## Task objective
Keep the pictures out. Write out every line of the listing exactly.

## Recorded data
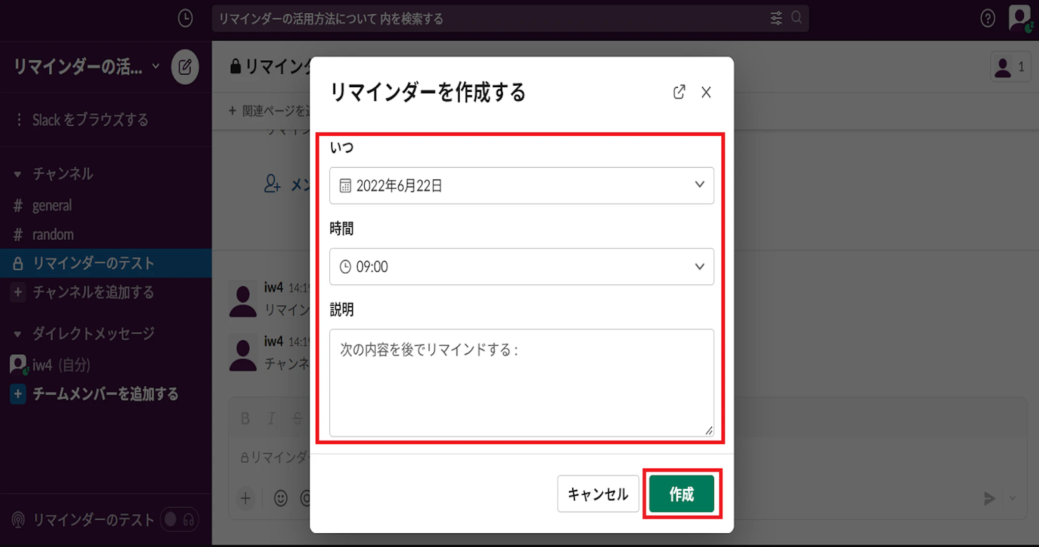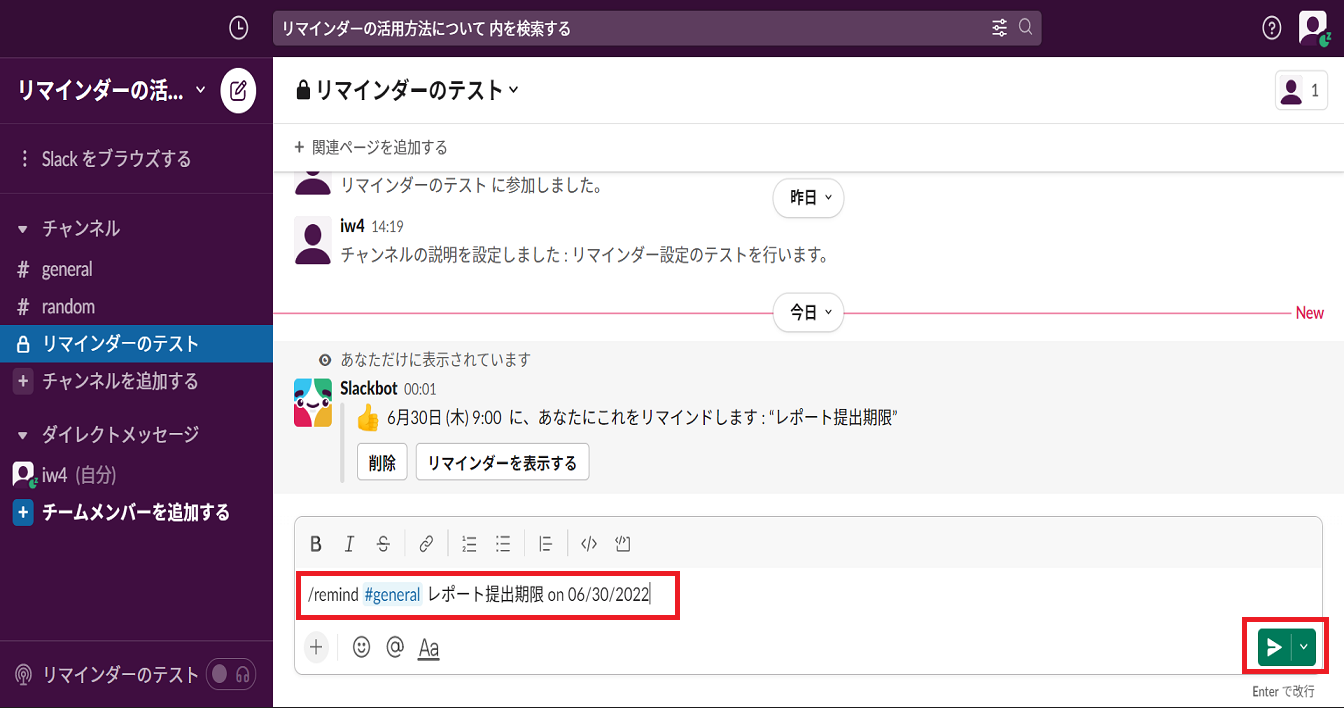 メッセージフィールド内に「/remind」と出てきますので、この後ろに【宛先】、【通知内容】、【いつ】を入力し、メッセージを送信します。
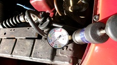 The good news is, it holds up to a pressure test. and we drove it several miles with a pressure cap installed, without losing water. So maybe in a couple more days we may get bold enough to put glycol coolant in it,and see how long it can stay there. -- Add a few minutes to reconnect a wire on the turn signal switch, and verify (again) that the miniature relay used to make 4-way flashers work has a burned contact, needing to be replaced (again). Job for another day.
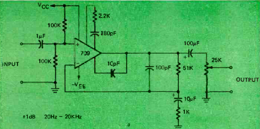 With distortion of less than 1 dB from 10 Hz to 20 kHz this circuit was found in the December 1972 issue of Radio Electronics magazine. The amplifier is a type that preceded the 741, the 709.

## Task answer
 メッセージフィールド内に「/remind」と出てきますので、この後ろに【宛先】、【通知内容】、【いつ】を入力し、メッセージを送信します。
 The good news is, it holds up to a pressure test. and we drove it several miles with a pressure cap installed, without losing water. So maybe in a couple more days we may get bold enough to put glycol coolant in it,and see how long it can stay there. -- Add a few minutes to reconnect a wire on the turn signal switch, and verify (again) that the miniature relay used to make 4-way flashers work has a burned contact, needing to be replaced (again). Job for another day.
 With distortion of less than 1 dB from 10 Hz to 20 kHz this circuit was found in the December 1972 issue of Radio Electronics magazine. The amplifier is a type that preceded the 741, the 709.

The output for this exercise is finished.